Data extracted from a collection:

BEGIN

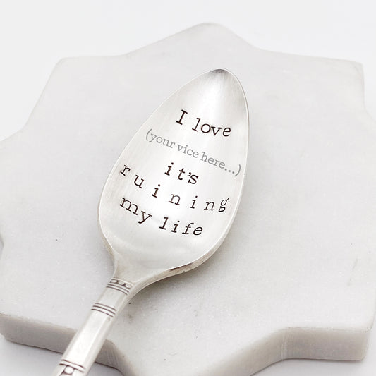 I Love You It's Ruining My Life (customizable), Hand Stamped Vintage Spoon
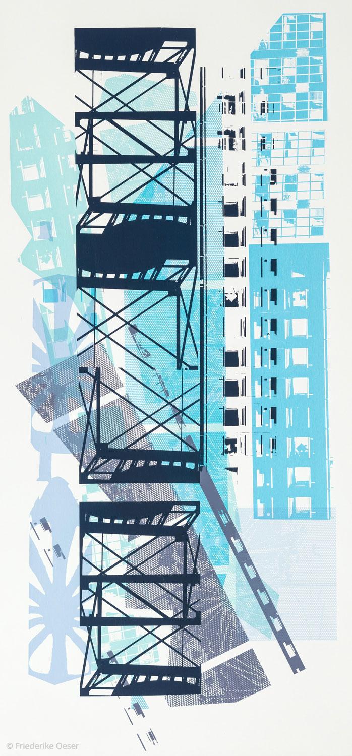 "It is interesting how an art work's meaning can change into a poignant message, reflecting the time in which we live. This work was inspired by what I saw around New York City in 2015, the year I started working on my "New York New York" series. At that time this painting had no special designation. But it has now become most relevant, like a conflict smoldering, ready to explode." Friederike Oeser 2020
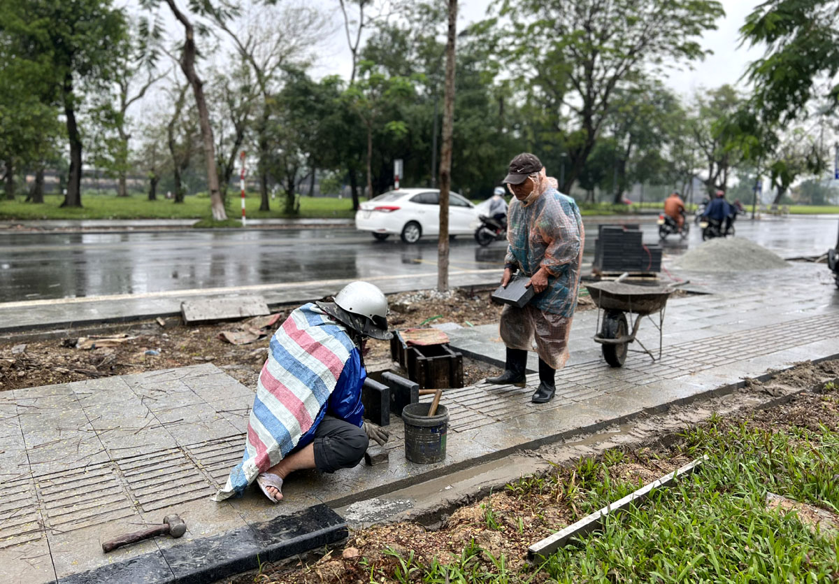 Thừa Thiên Huế Online ghi nhận không khí thi công trên các công trình bất kể tiết trời nắng mưa:
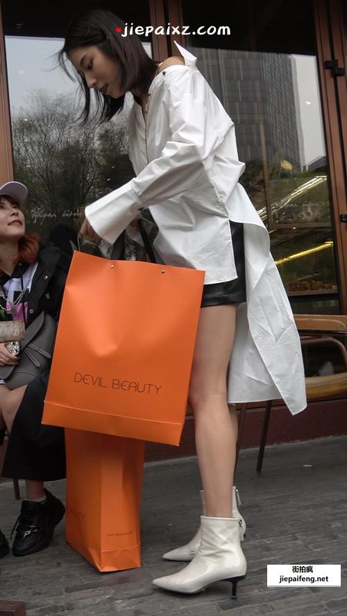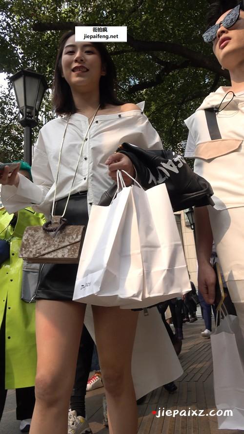4K - 黑色皮短裙时尚性感街拍美女 [1.37 GB/mp4]
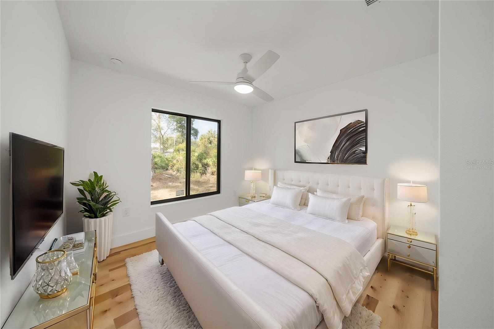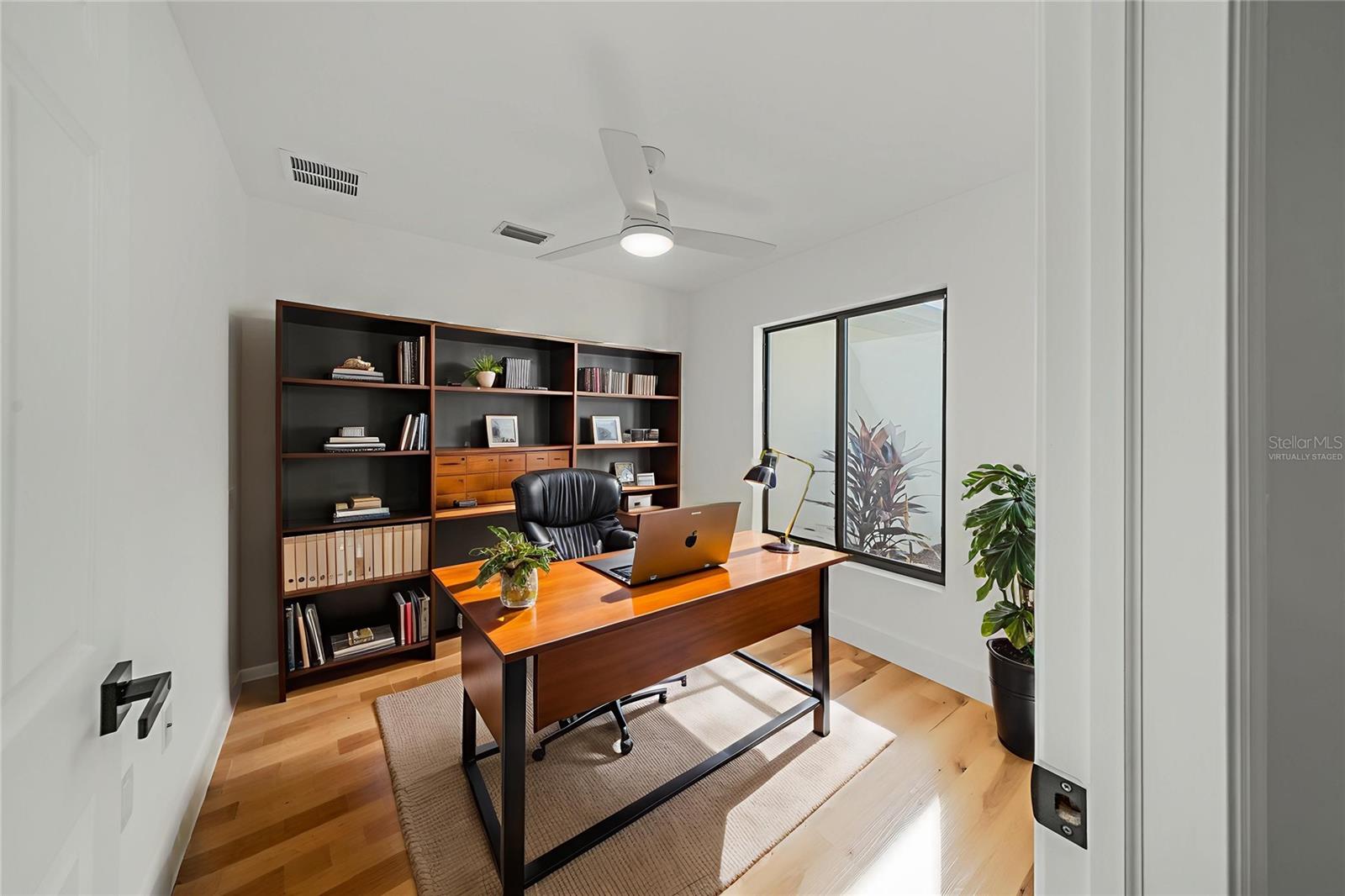 One or more photo(s) has been virtually staged. Stunning custom-built home featuring high-end finishes and thoughtful design throughout. This property offers storm/hurricane IMPACT-resistant windows and doors, designer lighting, and floor-to-ceiling tile in both bathrooms. The modern kitchen includes stainless steel appliances, custom cabinetry, two pantries, and a striking stone waterfall island. The primary suite provides a spa-like experience with a 15x4 walk-in closet, dual sinks, and an oversized tiled shower with stationary glass. The open floor plan lives larger than its 1,521 sq ft and includes 3 bedrooms plus a DEN/OFFICE, offering flexible use for work or guests. A beautifully finished, move-in-ready home with durable construction and contemporary style.
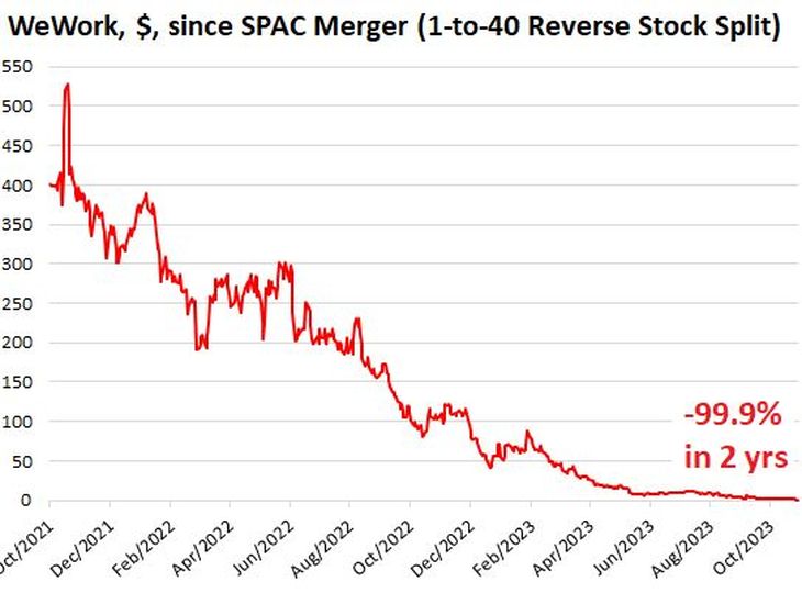 Lo que pasó posteriormente con las acciones de WeWork es historia. Se produjo una feroz caída de prácticamente el 100% en 2 años. De hecho, el viernes 3 de noviembre, las acciones cerraron a un valor de USD 0,84.

END

§ **PROBLEM DETAILS**: The output is the lines from the start of the data above through the line containing "One or more", unchanged, with any picture left out.

§ **TASK SOLUTION**:
 I Love You It's Ruining My Life (customizable), Hand Stamped Vintage Spoon
 "It is interesting how an art work's meaning can change into a poignant message, reflecting the time in which we live. This work was inspired by what I saw around New York City in 2015, the year I started working on my "New York New York" series. At that time this painting had no special designation. But it has now become most relevant, like a conflict smoldering, ready to explode." Friederike Oeser 2020
 Thừa Thiên Huế Online ghi nhận không khí thi công trên các công trình bất kể tiết trời nắng mưa:
4K - 黑色皮短裙时尚性感街拍美女 [1.37 GB/mp4]
 One or more photo(s) has been virtually staged. Stunning custom-built home featuring high-end finishes and thoughtful design throughout. This property offers storm/hurricane IMPACT-resistant windows and doors, designer lighting, and floor-to-ceiling tile in both bathrooms. The modern kitchen includes stainless steel appliances, custom cabinetry, two pantries, and a striking stone waterfall island. The primary suite provides a spa-like experience with a 15x4 walk-in closet, dual sinks, and an oversized tiled shower with stationary glass. The open floor plan lives larger than its 1,521 sq ft and includes 3 bedrooms plus a DEN/OFFICE, offering flexible use for work or guests. A beautifully finished, move-in-ready home with durable construction and contemporary style.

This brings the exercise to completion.